Я говорил намеренно напыщенным тоном.
— Значит, вы не знаете, как… Что… Если… — его голос
сорвался. — Они никого не собираются арестовывать?
— Насколько мне известно, пока нет. Но повторяю, я не в
курсе дела. «Напугай их», — говорил мне инспектор Тавернер. Что ж, Лоуренс
Браун был явно напуган.
Он, страшно нервничал, зачастил:
— Вы не представляете себе, что это такое… Это напряжение…
Не знаешь, как… Я имею в виду, они просто приходят и уходят… Задают дурацкие
вопросы, как будто не имеющие никакого отношения к делу…
Молодой человек резко смолк. Я ждал. Он хочет поговорить —
что ж, пусть говорит.
— Вы здесь были в тот день, когда главный инспектор сделал
то чудовищное предположение? Относительно меня и миссис Леонидис?.. Чудовищное
предположение! И ведь ничего нельзя поделать. Нельзя… запретить людям строить
догадки! И все это так несправедливо! Просто потому, что она… была гораздо
моложе мужа… Это ужасная мысль, ужасная! Я чувствую… Не могу не чувствовать…
Это организованный заговор!
— Заговор? Интересно.
Это было действительно интересно, хотя и не в том смысле, в
каком понял молодой человек.
— Эта семья, вы знаете… В семье мистера Леонидиса никогда не
любили меня. Всегда меня чуждались. Я всегда ощущал их презрение.
У Лоуренса затряслись руки.
— Просто потому, что они всегда были богаты и могущественны.
Они смотрели на меня свысока. Кто я для них? Всего лишь жалкий учителишка,
человек, отказавшийся от воинской службы. Но у меня были на это веские
основания! Были!
Я промолчал.
— Ладно, — взорвался Лоуренс. — Пусть я… испугался!
Испугался — вдруг не потяну, вдруг в нужный момент не сумею заставить себя
нажать спусковой крючок. Как можно быть уверенным, что убиваешь именно нациста,
а не простого деревенского паренька, не имеющего никаких политических убеждений
и просто призванного в армию?
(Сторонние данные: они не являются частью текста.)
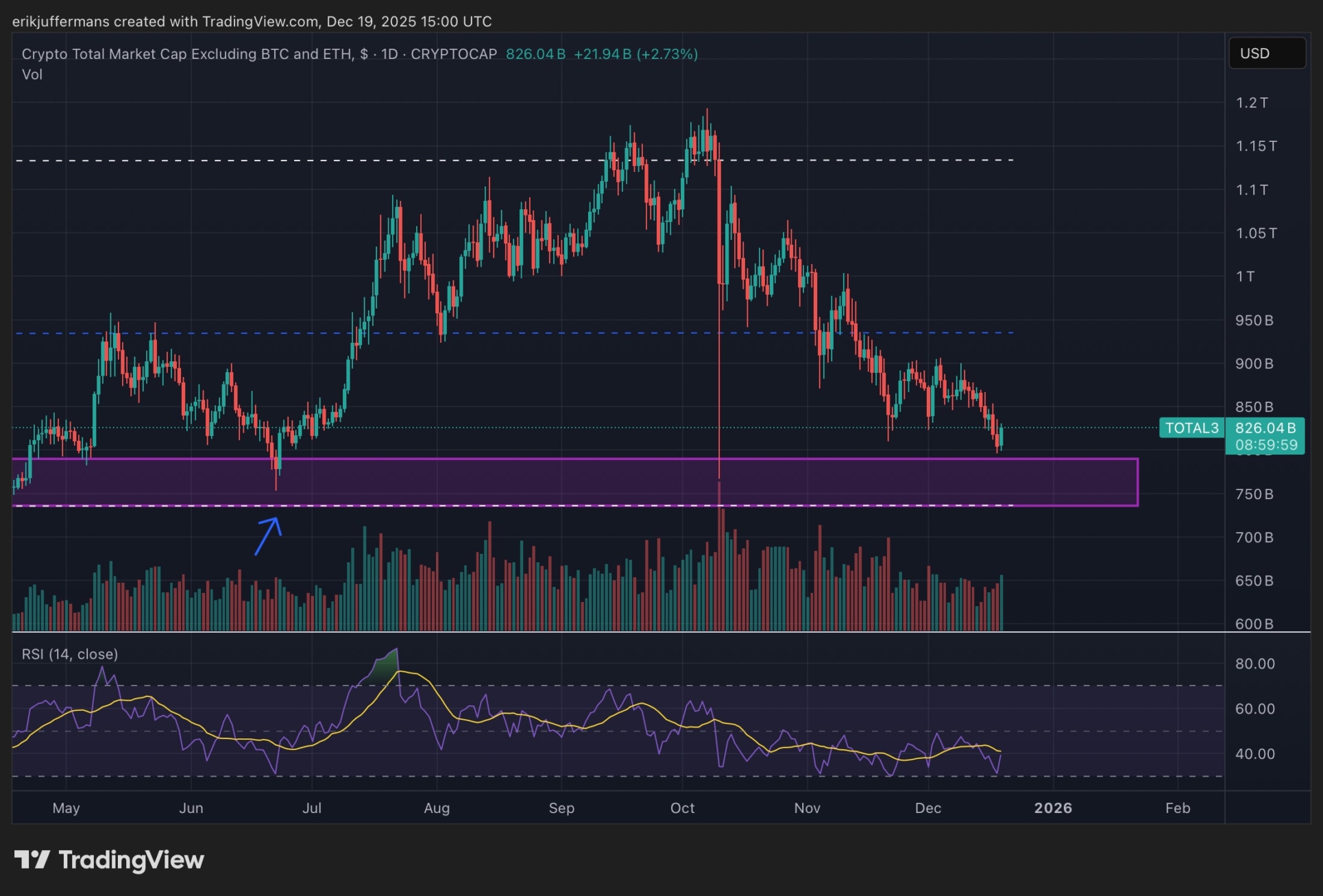 En er is een sterk signaal dat wijst op een mogelijke bounce. Op de eerste grafiek, de wekelijkse TOTAL2 grafiek, is sprake van sterke bullish divergence. Dit gebeurt wanneer RSI indicator (onderaan de grafiek) een lagere low noteert terwijl de koers een hogere low noteert. Op de wekelijkse grafiek zien we dit nu gebeuren. En zeker wanneer dit op een wekelijks timeframe gebeurt, is dit een sterk signaal.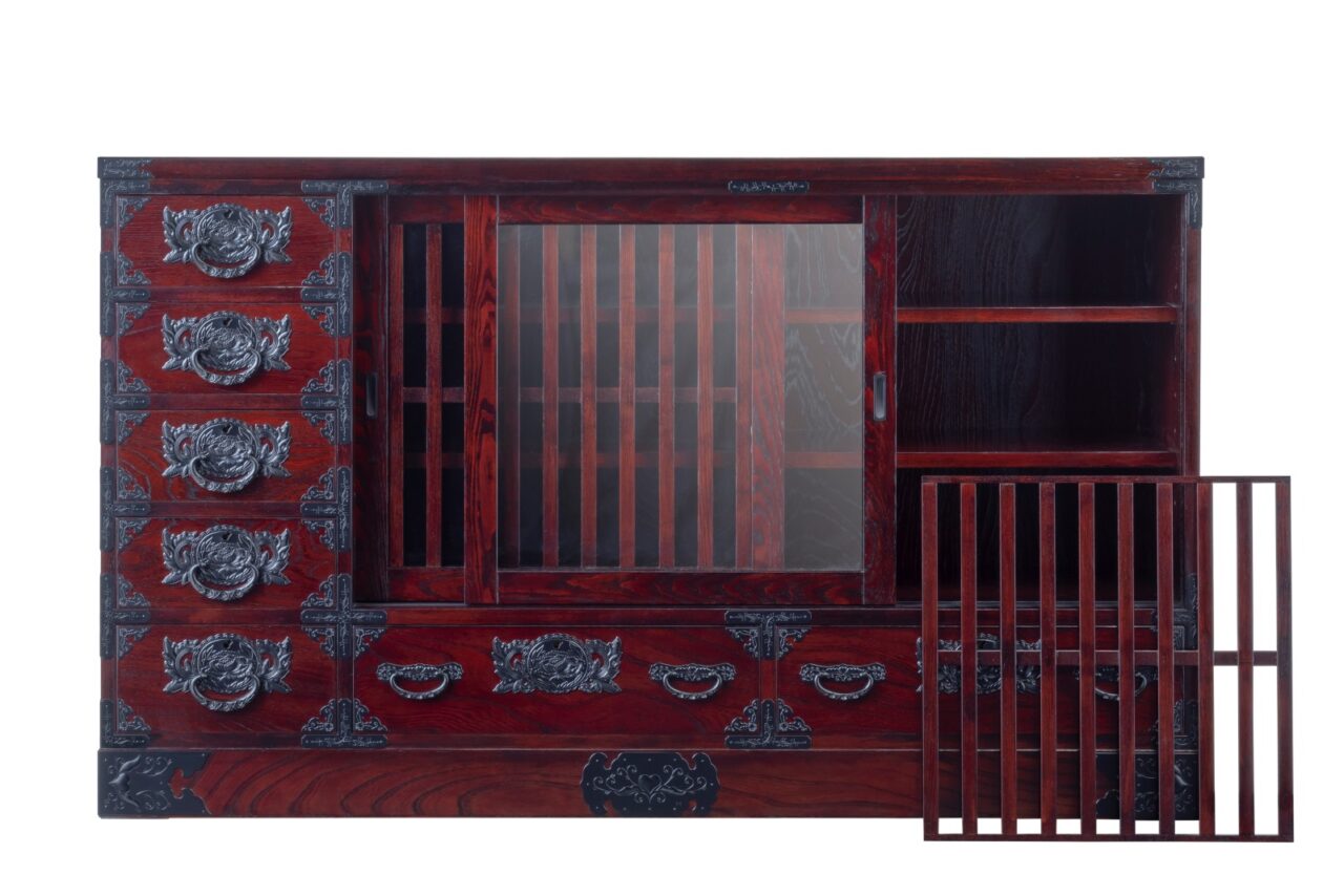格子戸や引き戸、重ね構造など独特の設計を持ち、食器棚としての機能性と意匠性を兼ね備えています。

Я убежден: война — это зло и несправедливость.
Твердо убежден.
Я продолжал молчать. Молчание сейчас было уместней любых
реплик, потому что Лоуренс Браун спорил с собой, раскрывая при этом скрытые
доселе стороны своей души.
— Все постоянно смеются надо мной. — Голос его задрожал. — У
меня какая-то феноменальная способность всегда выглядеть смешным. Не то чтобы я
трус, но я все время делаю все невпопад. Однажды я бросился в горящий дом
спасать женщину, но сразу же заблудился в комнатах, потерял сознание от удушья,
и пожарникам пришлось долго разыскивать меня. Я слышал потом, как они говорили:
«И чего этот идиот полез не в свое дело?» Я вечный неудачник, и все вечно
недовольны мной. Тот, кто убил мистера Леонидиса, подстроил все так, чтобы
подозрение падало на меня. Убийца хотел погубить меня!
— А что вы можете рассказать о миссис Леонидис? — спросил я.
Лоуренс вспыхнул и стал чуть больше похож на человека и чуть
меньше — на мышь.
— Миссис Леонидис — это ангел, — сказал он. — Ангел. Ее
нежность и доброта по отношению к старому мужу достойны восхищения. И
подозревать ее в отравлении смешно, просто смешно! И как этот меднолобый
инспектор не понимает этого!
— Он настроен с некоторым предубеждением, — пояснил я, —
из-за большого количества раскрытых дел об отравлениях пожилых мужей нежными
молодыми женами.
— Несносный болван! — сердито отрезал Лоуренс Браун.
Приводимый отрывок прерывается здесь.